#### Try it:
Every line in the records below between the one holding "Anssi Kela, Finnish" and the one holding "Fiodar Juzefovič grave", inclusive, is to be set down exactly; all other lines are to be left out.

======== Given data

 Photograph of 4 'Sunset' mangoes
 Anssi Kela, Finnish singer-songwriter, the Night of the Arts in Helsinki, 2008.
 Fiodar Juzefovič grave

================
======== Given data

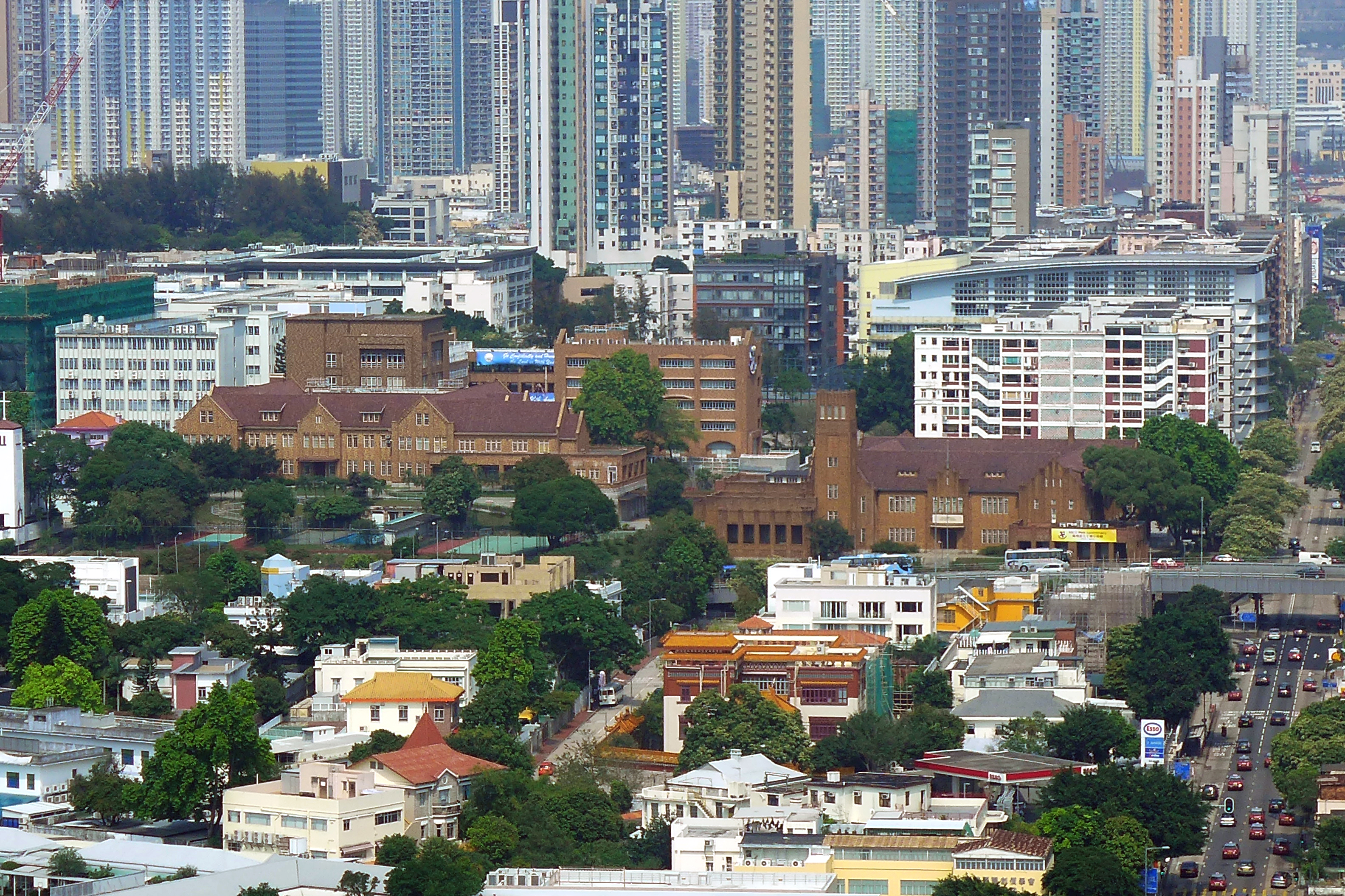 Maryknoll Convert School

================

#### Completed task:
 Anssi Kela, Finnish singer-songwriter, the Night of the Arts in Helsinki, 2008.
 Fiodar Juzefovič grave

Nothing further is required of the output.